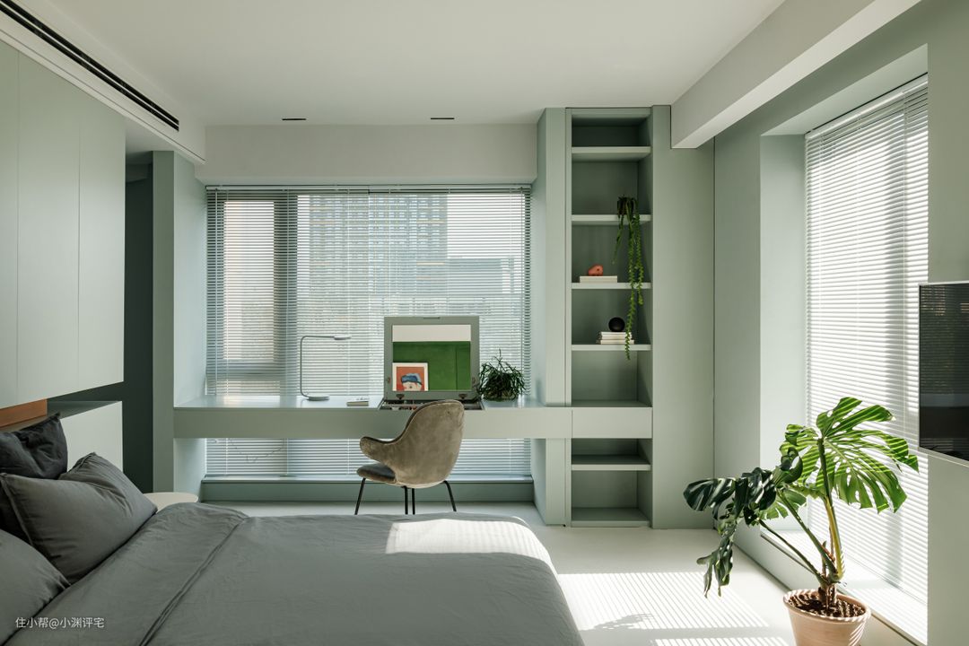 和封闭式收纳空间相比,它没有了柜门的遮挡,收纳空间更大。和普通的开放式收纳空间相比,它深嵌在墙里,外面与墙面平齐,对空间的占用更少。
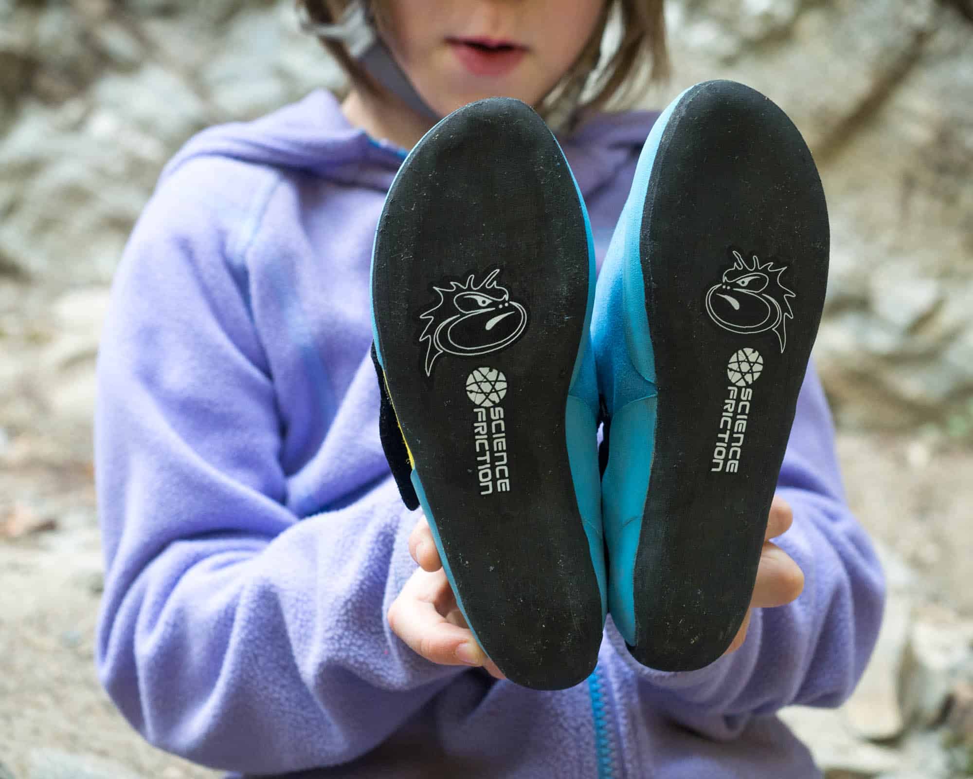 The Mad Monkey 2.0 climbing shoes are designed to be super soft and supple so that kids are happy wearing them all day long. The tops of the shoes are made out of stretchy SynFlex upper and their R2 rand system for ultra comfort. This means there’s no pinching or scratching around little ankles and no need to “break” them in. My daughter wore her Mad Monkey 2.0 climbing shoes for three hours straight the first time with no complaint.
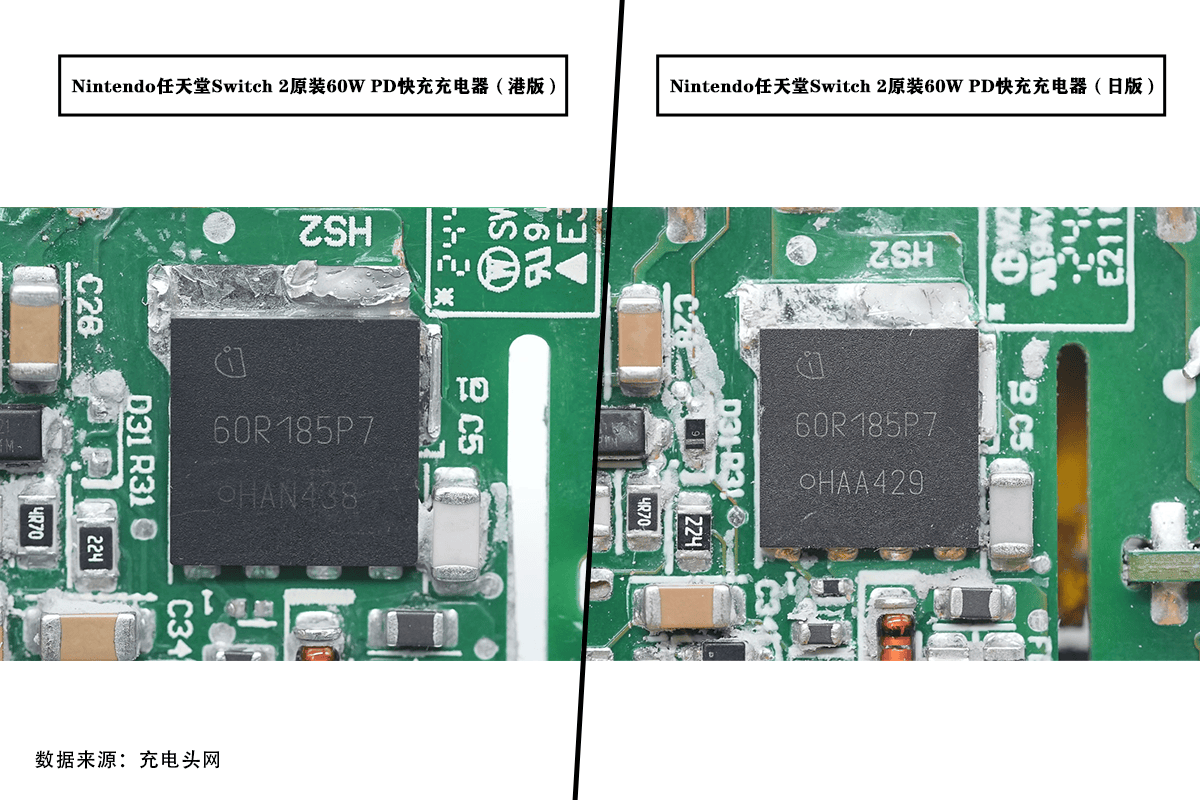 任天堂Switch 2原装60W快充充电器两个版本的初级开关管型号一致,均来自英飞凌,型号IPL60R185P7,属CoolMOS P7系列,耐压650V,导阻185mΩ,采用PG-VSON-4封装。
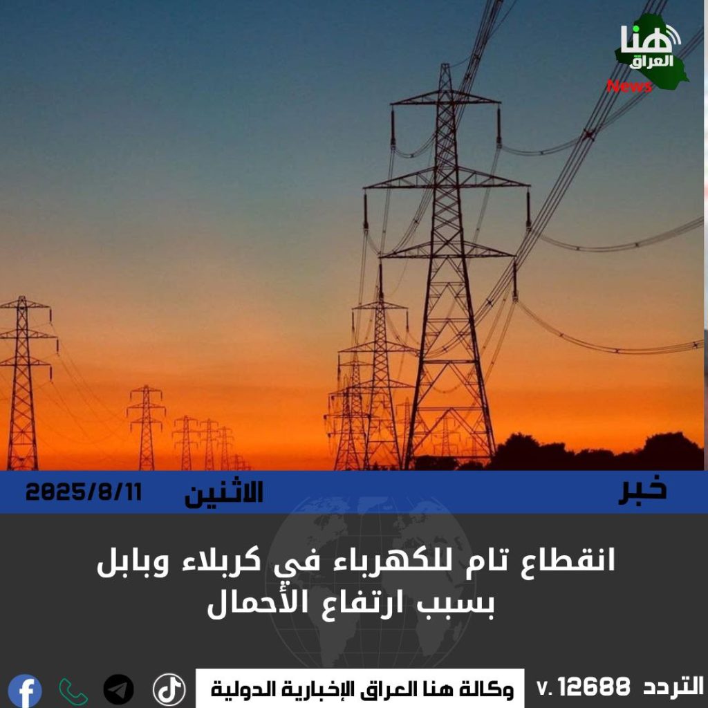 أعلنت وزارة الكهرباء عن تعرض منظومة الطاقة في كربلاء المقدسة وبابل لانقطاع تام، نتيجة ارتفاع الأحمال وانفصال خطي نقل الطاقة (مسيب – بابل 400 ك.ف)، ما تسبب بخسارة أكثر من 6000 ميغاواط من الإنتاج.

● EXERCISE DESCRIPTION:
The lines to write out run from the one containing "The Mad Monkey" through the final line of the material above, both included; write them out exactly, with no pictures.

● SOLVED PROBLEM:
 The Mad Monkey 2.0 climbing shoes are designed to be super soft and supple so that kids are happy wearing them all day long. The tops of the shoes are made out of stretchy SynFlex upper and their R2 rand system for ultra comfort. This means there’s no pinching or scratching around little ankles and no need to “break” them in. My daughter wore her Mad Monkey 2.0 climbing shoes for three hours straight the first time with no complaint.
 任天堂Switch 2原装60W快充充电器两个版本的初级开关管型号一致,均来自英飞凌,型号IPL60R185P7,属CoolMOS P7系列,耐压650V,导阻185mΩ,采用PG-VSON-4封装。
 أعلنت وزارة الكهرباء عن تعرض منظومة الطاقة في كربلاء المقدسة وبابل لانقطاع تام، نتيجة ارتفاع الأحمال وانفصال خطي نقل الطاقة (مسيب – بابل 400 ك.ف)، ما تسبب بخسارة أكثر من 6000 ميغاواط من الإنتاج.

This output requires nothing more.